Tumorigenicity and immune evasion are closely related, and their interaction may lead to the reduced efficacy of immunotherapy. GC cells with high PD-L1 expression may be more inclined to evade the immune system, thereby promoting tumor progression and worsening prognosis [28]. Additionally, the tumor microenvironment plays a significant role in tumorigenicity and immune evasion, with tumorigenic signaling activating immunosuppressive programs that underlie the immune evasion of tumor cells [29]. Consequently, patients with GC in the high tumorigenicity/low immune groups may have a poor prognosis owing to the strong invasiveness, metastatic ability, and immune evasion capabilities of tumor cells. Our study indicated that high LHPP expression is closely associated with significant infiltration of antitumor immune cells and suppression of stemness characteristics, suggesting its role as a potential tumor suppressor gene in GC.

Tumorigenicity and immune evasion are key factors in chemoresistance in GC. Our multi-omics analysis further demonstrated that LHPP inhibits the stemness characteristics of GC cells and weakens their drug resistance by regulating the phosphorylation pathway of GSK-3β. LHPP is a highly conserved histidine phosphatase that functions as a tumor suppressor in various cancers. LHPP can inhibit the proliferation, growth, and migration of tumor cells and promote apoptosis by participating in the regulation of various cellular signaling pathways and protein phosphorylation [23, 30]. LHPP expression is reduced in GC and its expression level is closely related to patient prognosis. Low LHPP expression is associated with poor prognosis in GC, indicating that LHPP may serve as a potential prognostic biomarker for patients with GC [21]. Our study showed that LHPP plays an important role in inhibiting tumorigenicity and enhancing drug response, a finding that is consistent with that of other studies. Upregulation of LHPP may reduce cell stemness by inhibiting the activation of JNK and p38 MAPK signaling pathways, while enhancing the accumulation of intracellular reactive oxygen species, thereby promoting cisplatin-induced apoptosis in GC cells and increasing sensitivity to cisplatin [31]. Additionally, LHPP can regulate the chemoresistance of GC cells through specific signaling pathways, such as PI3K-AKT [24] and Wnt-β-catenin [27]. In the PI3K-AKT signaling pathway, downregulation of LHPP expression is associated with chemoresistance in GC cells. Overexpression of LHPP can lead to reduced phosphorylation of the PI3K/AKT/mTOR pathway, whereas depletion of LHPP has the opposite effect [24]. LHPP may enhance the sensitivity of GC cells to chemotherapeutic drugs by inhibiting the phosphorylation pathway of GSK-3β.

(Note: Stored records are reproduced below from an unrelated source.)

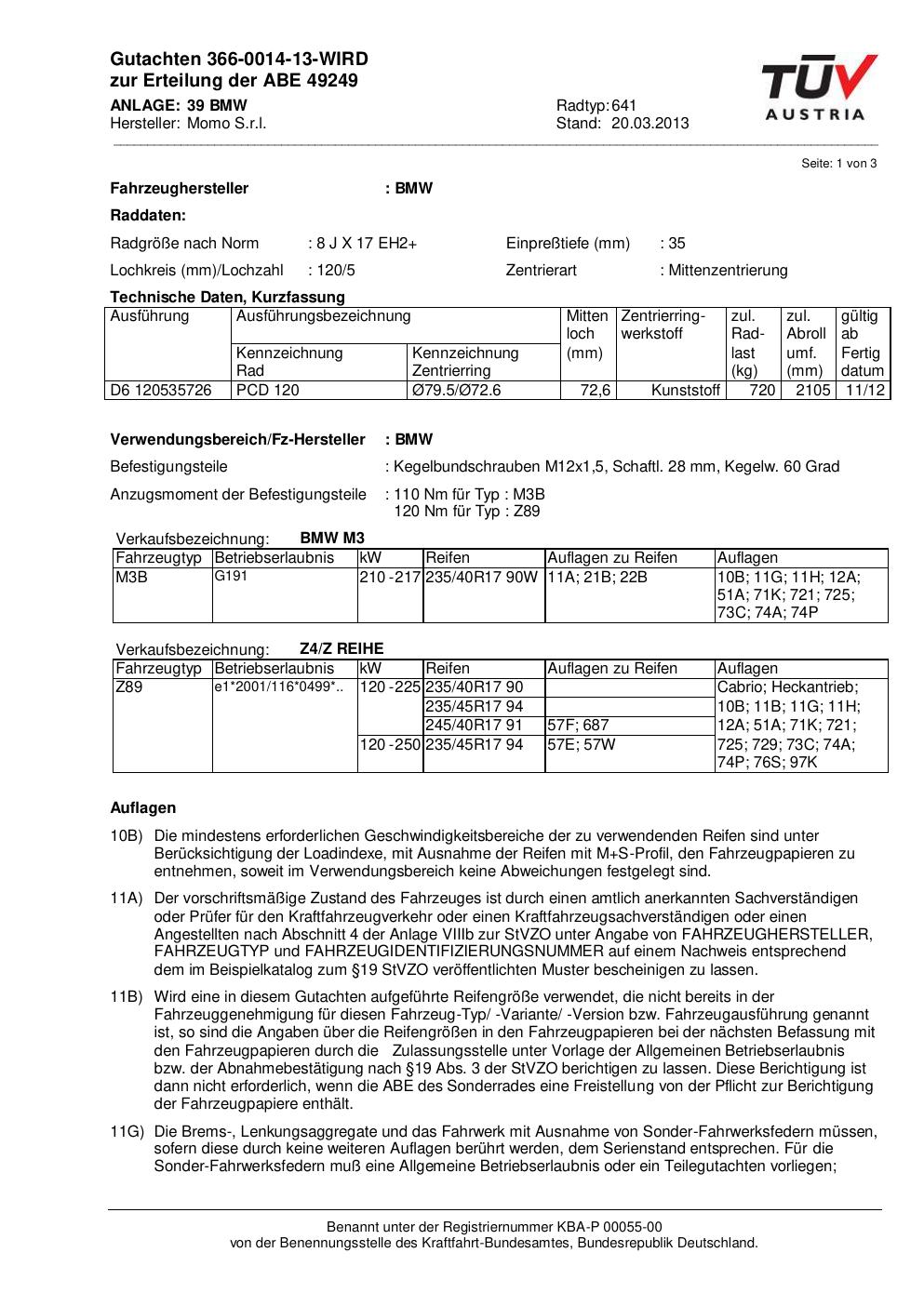 • Stimmt die KBA-Nummer auf der Felge mit diesem Dokument überein?
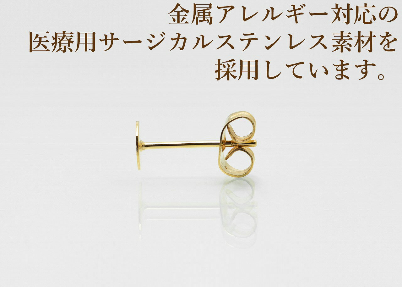 商品名 サージカルステンレス 丸皿5mm ピアス ゴールド キャッチ付き パーツ サイズ ピアスポスト:丸皿約5mm、ポスト約12mm ポスト線径約0.7mm(20G)、キャッチ:約6×4.5×3mm 入り数 100個(50ペア) 素材 サージカルステンレス316L(SUS) ニッケルフリーメッキ処理 カラー ゴールド 商品説明 丸皿(平皿台座)が付いたピアスポストです。
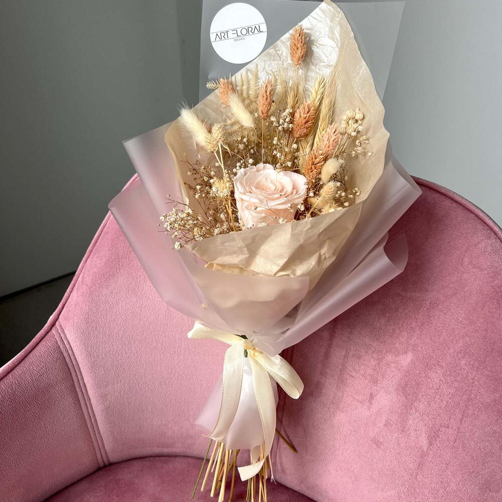 lagurus - 3 pcs gypsophila - 4 pcs phalaris - 5 pcs weizen - 2 pcs konservierte rose - 1 pcs
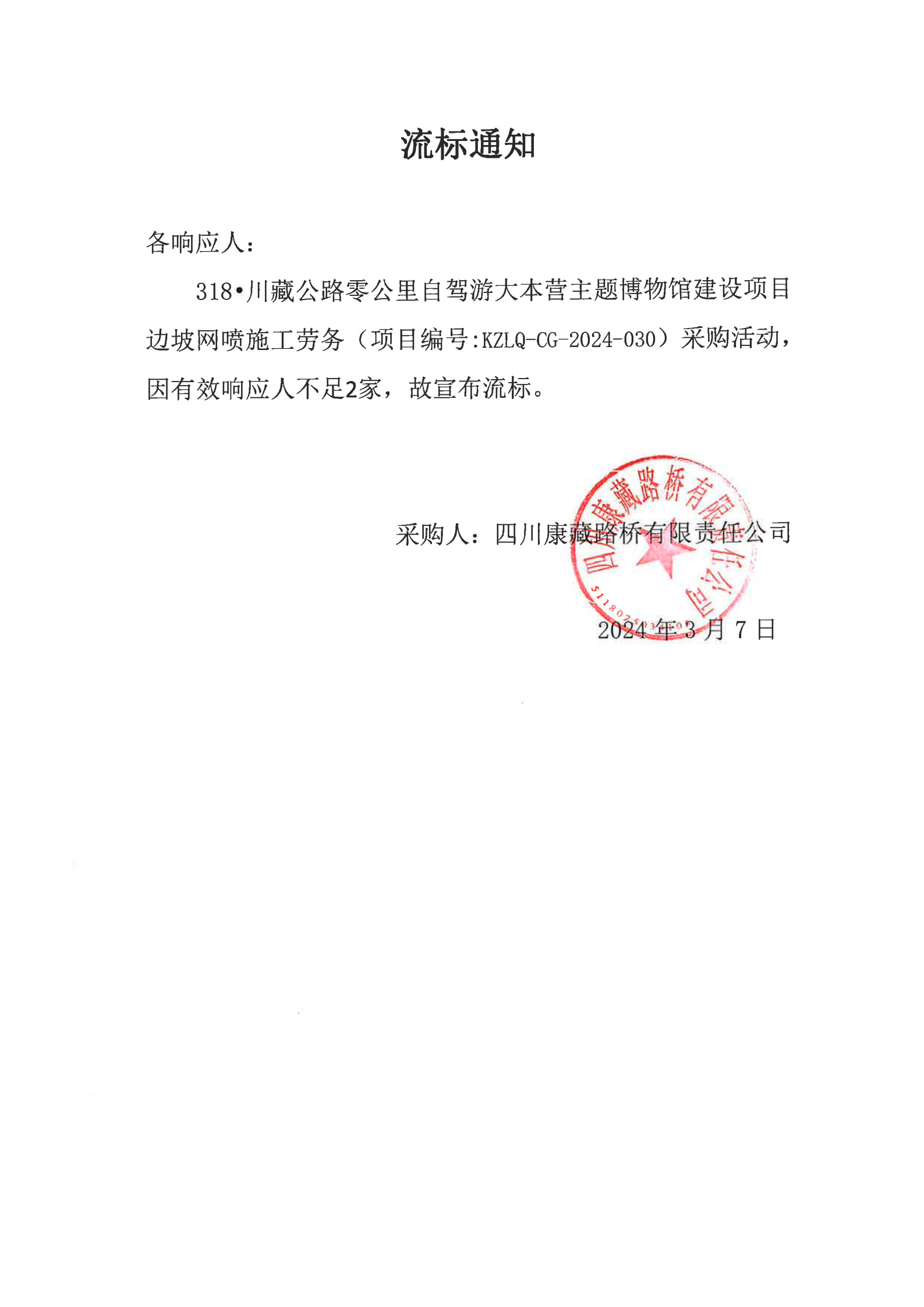 四川康藏路橋有限責(zé)任公司318·川藏公路零公里自駕游大本營主題博物館建設(shè)項(xiàng)目邊坡網(wǎng)噴施工勞務(wù)流標(biāo)通知
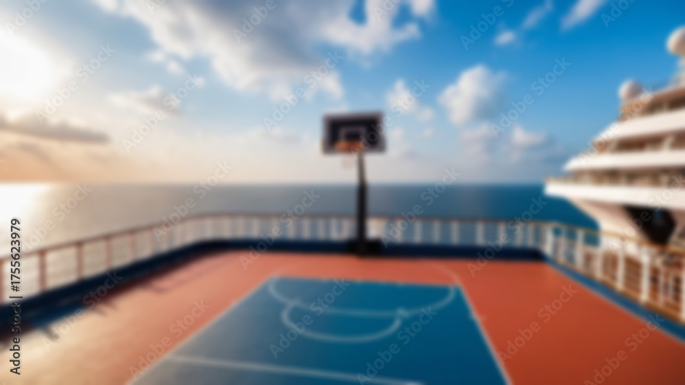 Naklejka do Pokoju Chłopca - Blurred background of the interior of a basketball court located inside a modern cruise ship with... #1755623979
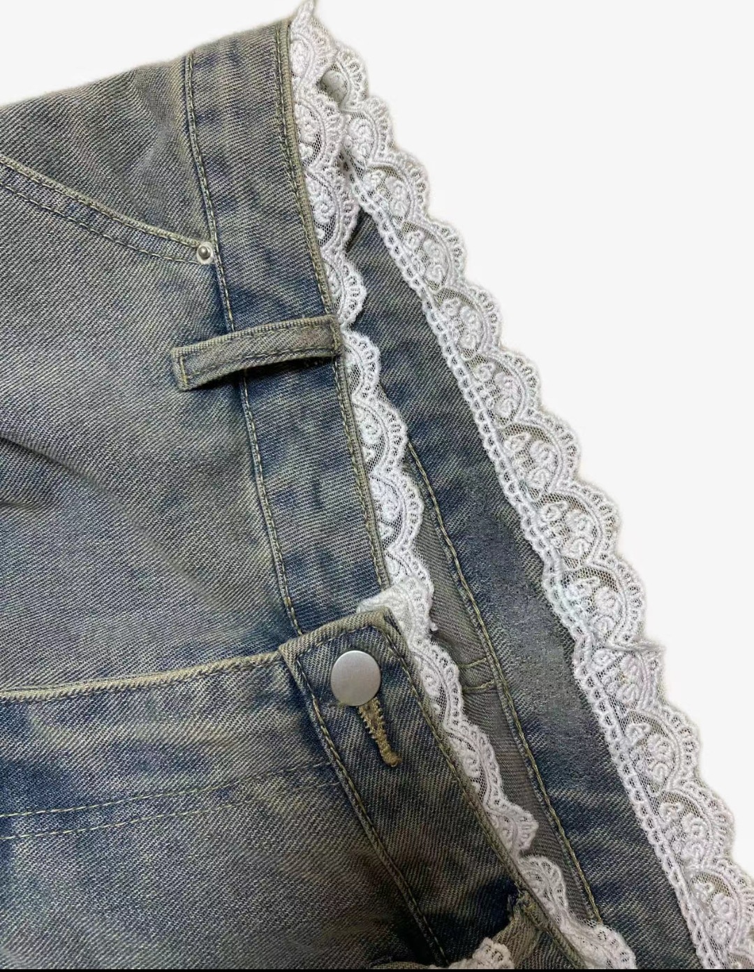 レースデニムワイドレッグパンツ女性のための 2025 春と秋の新しいハイウエスト人気のスリムストレートパンツ
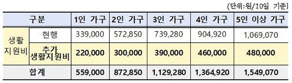 이에 따라 1인 가구는 현행 33만 9000원에서 추가 생활지원비 22만원을 더하고, 2~5인 이상 가구도 각각 30만원부터 48만원까지 더 지원받게 된다.
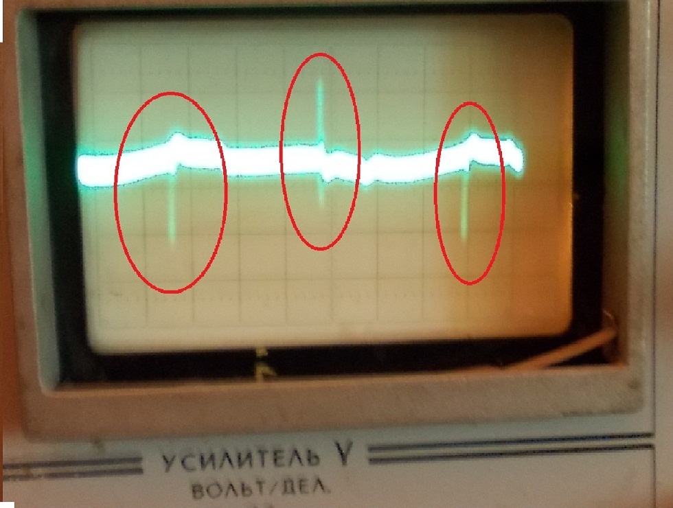 Наконец добрался до осцилографа и наступил новый этап ремонта 750 модели. После замены некоторых деталей МД ожил, запел, НО: 1. Чуйка низкая 2. Дискрим съехавший 3. пинпоинт работает через раз. Отсюда несколько вопросов ув. РаДевану: 1. За что отвечают подстроечники на 1 и 2 плате (по фото) 2. Сигналы на выходе ключа 14016 (точки 3,5 на фото 3) далеки от прямогугольного, а сигнал на входе усилителя RX (осц 6) и на его выходе (осц 7) какие-то подозрительные - так должно быть? И ещё. Баланс катушек пробовал сводить подстроечником в катушке и подложкой 10 коп украины, получилось нечто (фото 4), эти всплески - нормально? Кстати, напряжения на выходе RX - постоянное 4В, переменное - десятки миливольт.... Жду с нетерпением ответа.

The stemness characteristics of tumor cells are closely related to their self-renewal and repopulating abilities, which enable them to resist conventional treatments and make them prone to recurrence. Furthermore, the Wnt/β-catenin signaling pathway may enhance the chemoresistance of GC cells by promoting their stemness characteristics. In colorectal cancer, LHPP inhibits the migration and invasion of cancer cells by suppressing the phosphorylation of Smad3 in the TGF-β pathway [26]. Qin et al. showed that upregulating the expression of LHPP can activate the immunogenicity of tumor cells and the transition to ferroptosis, thereby achieving effective treatment of hepatocellular carcinoma [32]. These studies support the important role of LHPP in the inhibition of tumorigenicity, and provide potential targets for the development of new therapeutic strategies.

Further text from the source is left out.